+++ Data excerpts +++
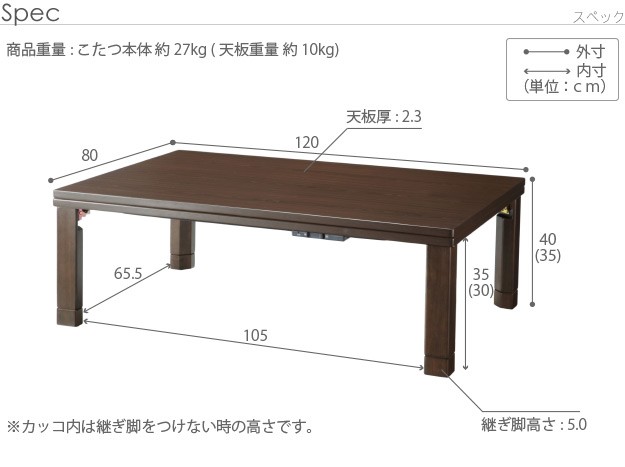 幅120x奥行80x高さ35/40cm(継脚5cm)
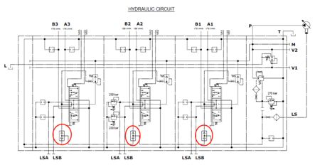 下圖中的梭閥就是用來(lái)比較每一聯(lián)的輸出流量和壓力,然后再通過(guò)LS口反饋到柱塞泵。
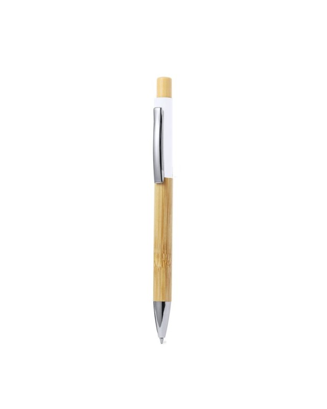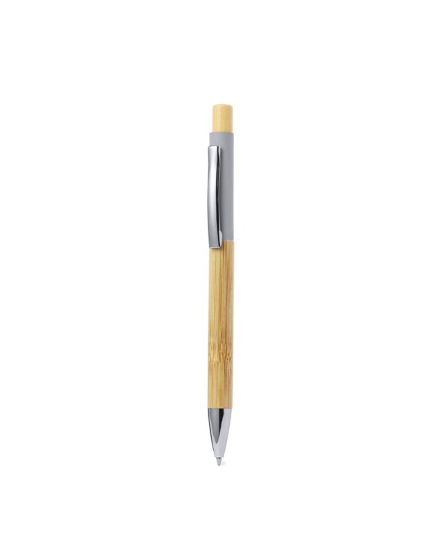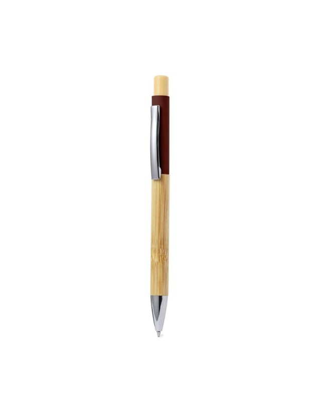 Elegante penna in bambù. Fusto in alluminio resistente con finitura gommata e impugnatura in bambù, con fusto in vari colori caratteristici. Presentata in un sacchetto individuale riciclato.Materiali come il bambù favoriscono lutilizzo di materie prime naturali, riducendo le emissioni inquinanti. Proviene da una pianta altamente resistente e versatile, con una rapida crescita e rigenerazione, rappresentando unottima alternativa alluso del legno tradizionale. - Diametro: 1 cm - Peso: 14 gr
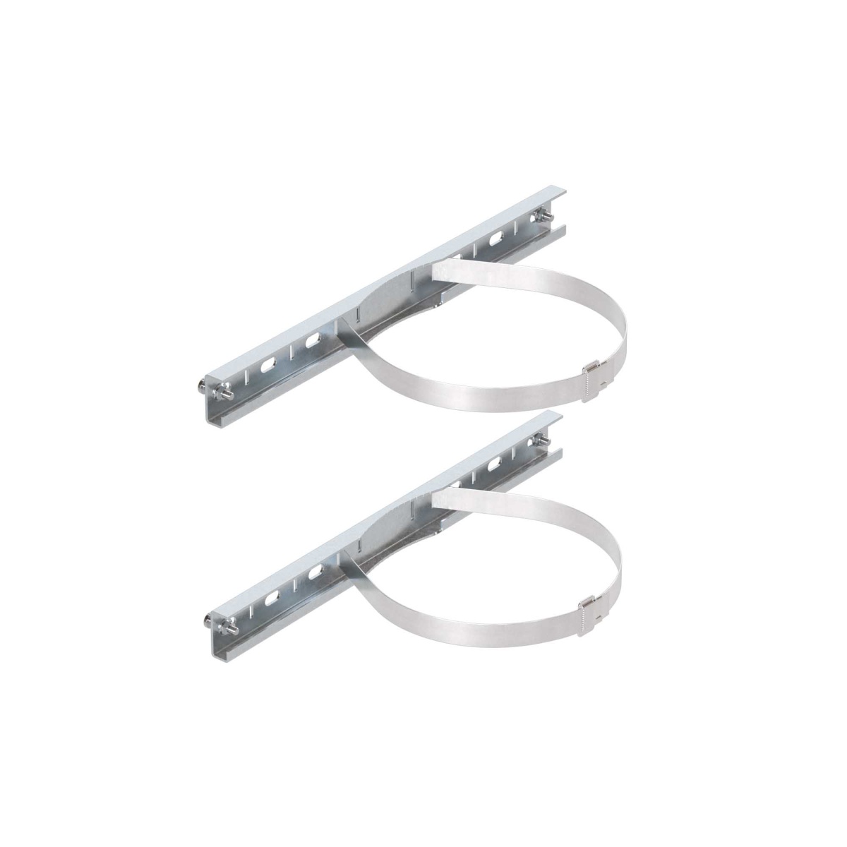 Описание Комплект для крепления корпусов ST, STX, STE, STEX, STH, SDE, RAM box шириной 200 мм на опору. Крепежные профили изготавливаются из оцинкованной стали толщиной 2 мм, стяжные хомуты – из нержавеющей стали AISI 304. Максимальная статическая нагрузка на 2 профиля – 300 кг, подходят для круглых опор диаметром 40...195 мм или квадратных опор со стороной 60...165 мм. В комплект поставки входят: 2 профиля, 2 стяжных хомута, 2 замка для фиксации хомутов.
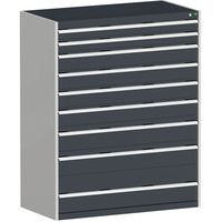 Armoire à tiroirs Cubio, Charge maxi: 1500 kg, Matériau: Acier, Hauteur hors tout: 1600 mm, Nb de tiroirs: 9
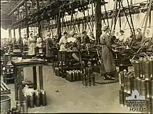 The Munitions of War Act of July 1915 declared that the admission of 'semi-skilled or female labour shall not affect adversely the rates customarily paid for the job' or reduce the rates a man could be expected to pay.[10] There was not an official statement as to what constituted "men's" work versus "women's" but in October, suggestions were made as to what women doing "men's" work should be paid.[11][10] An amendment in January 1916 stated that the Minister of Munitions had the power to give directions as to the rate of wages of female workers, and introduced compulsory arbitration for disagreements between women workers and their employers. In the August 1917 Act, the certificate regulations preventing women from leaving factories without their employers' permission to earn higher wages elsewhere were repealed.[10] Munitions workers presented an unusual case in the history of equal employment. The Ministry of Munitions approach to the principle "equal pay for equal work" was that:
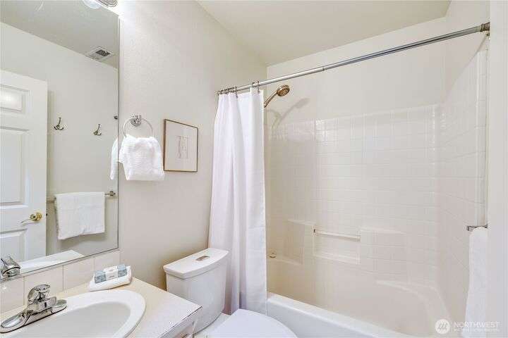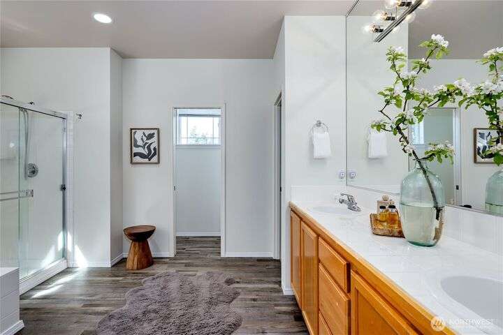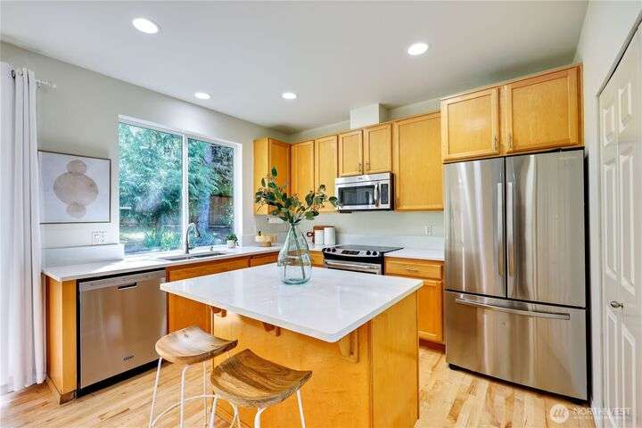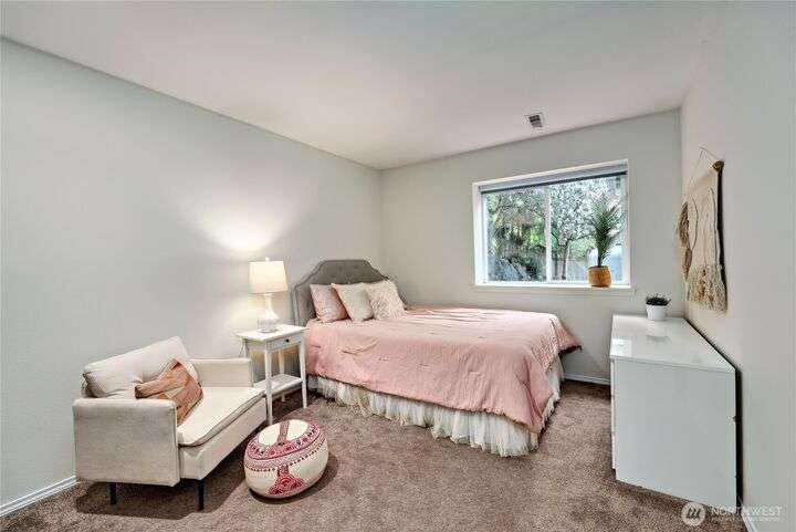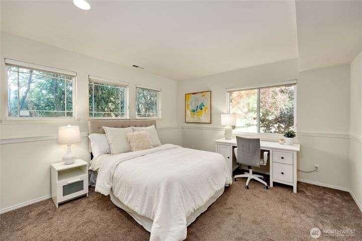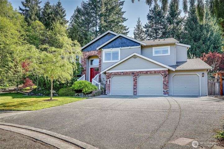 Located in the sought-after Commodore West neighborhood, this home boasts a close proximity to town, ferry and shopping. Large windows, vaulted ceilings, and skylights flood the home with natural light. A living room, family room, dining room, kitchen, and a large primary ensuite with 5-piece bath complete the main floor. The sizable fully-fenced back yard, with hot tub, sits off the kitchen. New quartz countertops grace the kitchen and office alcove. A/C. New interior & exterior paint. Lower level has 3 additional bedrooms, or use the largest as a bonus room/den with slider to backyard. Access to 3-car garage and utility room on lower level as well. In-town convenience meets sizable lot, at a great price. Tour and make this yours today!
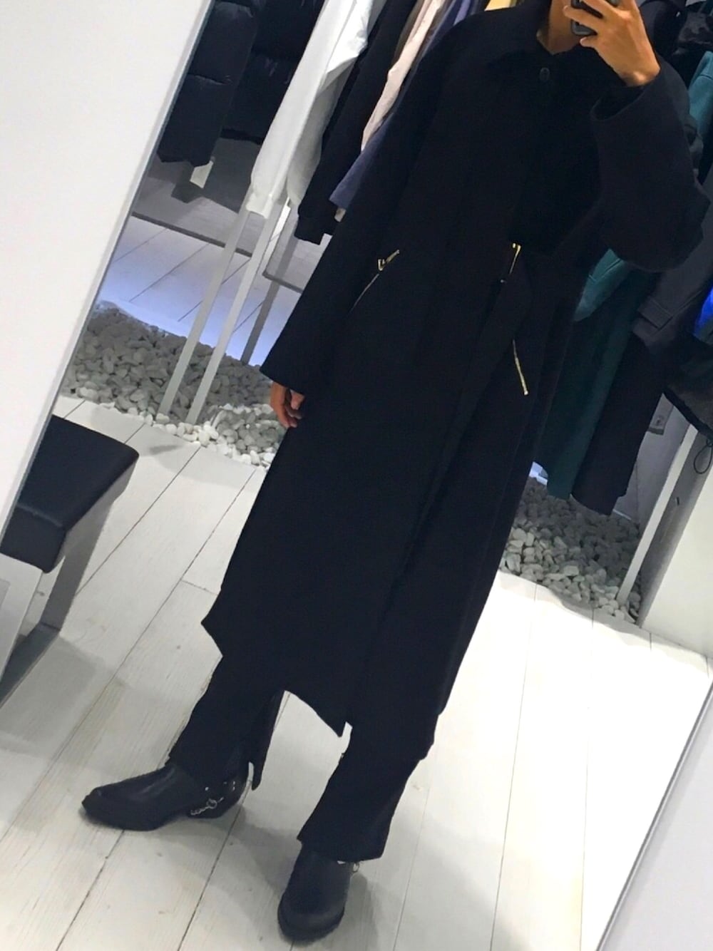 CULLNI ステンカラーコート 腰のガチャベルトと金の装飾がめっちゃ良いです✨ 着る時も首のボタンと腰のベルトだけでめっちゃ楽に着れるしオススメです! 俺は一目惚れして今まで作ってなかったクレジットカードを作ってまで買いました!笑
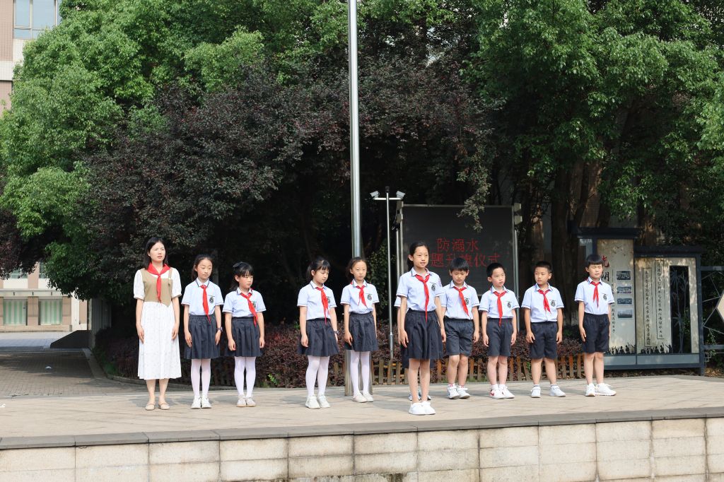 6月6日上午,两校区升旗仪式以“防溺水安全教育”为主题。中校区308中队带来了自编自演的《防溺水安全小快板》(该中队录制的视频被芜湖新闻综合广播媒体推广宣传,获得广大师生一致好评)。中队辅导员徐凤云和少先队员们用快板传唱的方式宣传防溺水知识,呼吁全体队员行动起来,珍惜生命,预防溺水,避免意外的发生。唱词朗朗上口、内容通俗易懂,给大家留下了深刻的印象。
+++
* **What is being asked**: An exact copy of the entries, without any pictures, is what the answer should be.

* **Written response**:
 幅120x奥行80x高さ35/40cm(継脚5cm)
 下圖中的梭閥就是用來(lái)比較每一聯(lián)的輸出流量和壓力,然后再通過(guò)LS口反饋到柱塞泵。
 Elegante penna in bambù. Fusto in alluminio resistente con finitura gommata e impugnatura in bambù, con fusto in vari colori caratteristici. Presentata in un sacchetto individuale riciclato.Materiali come il bambù favoriscono lutilizzo di materie prime naturali, riducendo le emissioni inquinanti. Proviene da una pianta altamente resistente e versatile, con una rapida crescita e rigenerazione, rappresentando unottima alternativa alluso del legno tradizionale. - Diametro: 1 cm - Peso: 14 gr
 Описание Комплект для крепления корпусов ST, STX, STE, STEX, STH, SDE, RAM box шириной 200 мм на опору. Крепежные профили изготавливаются из оцинкованной стали толщиной 2 мм, стяжные хомуты – из нержавеющей стали AISI 304. Максимальная статическая нагрузка на 2 профиля – 300 кг, подходят для круглых опор диаметром 40...195 мм или квадратных опор со стороной 60...165 мм. В комплект поставки входят: 2 профиля, 2 стяжных хомута, 2 замка для фиксации хомутов.
 Armoire à tiroirs Cubio, Charge maxi: 1500 kg, Matériau: Acier, Hauteur hors tout: 1600 mm, Nb de tiroirs: 9
 The Munitions of War Act of July 1915 declared that the admission of 'semi-skilled or female labour shall not affect adversely the rates customarily paid for the job' or reduce the rates a man could be expected to pay.[10] There was not an official statement as to what constituted "men's" work versus "women's" but in October, suggestions were made as to what women doing "men's" work should be paid.[11][10] An amendment in January 1916 stated that the Minister of Munitions had the power to give directions as to the rate of wages of female workers, and introduced compulsory arbitration for disagreements between women workers and their employers. In the August 1917 Act, the certificate regulations preventing women from leaving factories without their employers' permission to earn higher wages elsewhere were repealed.[10] Munitions workers presented an unusual case in the history of equal employment. The Ministry of Munitions approach to the principle "equal pay for equal work" was that:
 Located in the sought-after Commodore West neighborhood, this home boasts a close proximity to town, ferry and shopping. Large windows, vaulted ceilings, and skylights flood the home with natural light. A living room, family room, dining room, kitchen, and a large primary ensuite with 5-piece bath complete the main floor. The sizable fully-fenced back yard, with hot tub, sits off the kitchen. New quartz countertops grace the kitchen and office alcove. A/C. New interior & exterior paint. Lower level has 3 additional bedrooms, or use the largest as a bonus room/den with slider to backyard. Access to 3-car garage and utility room on lower level as well. In-town convenience meets sizable lot, at a great price. Tour and make this yours today!
 CULLNI ステンカラーコート 腰のガチャベルトと金の装飾がめっちゃ良いです✨ 着る時も首のボタンと腰のベルトだけでめっちゃ楽に着れるしオススメです! 俺は一目惚れして今まで作ってなかったクレジットカードを作ってまで買いました!笑
 6月6日上午,两校区升旗仪式以“防溺水安全教育”为主题。中校区308中队带来了自编自演的《防溺水安全小快板》(该中队录制的视频被芜湖新闻综合广播媒体推广宣传,获得广大师生一致好评)。中队辅导员徐凤云和少先队员们用快板传唱的方式宣传防溺水知识,呼吁全体队员行动起来,珍惜生命,预防溺水,避免意外的发生。唱词朗朗上口、内容通俗易懂,给大家留下了深刻的印象。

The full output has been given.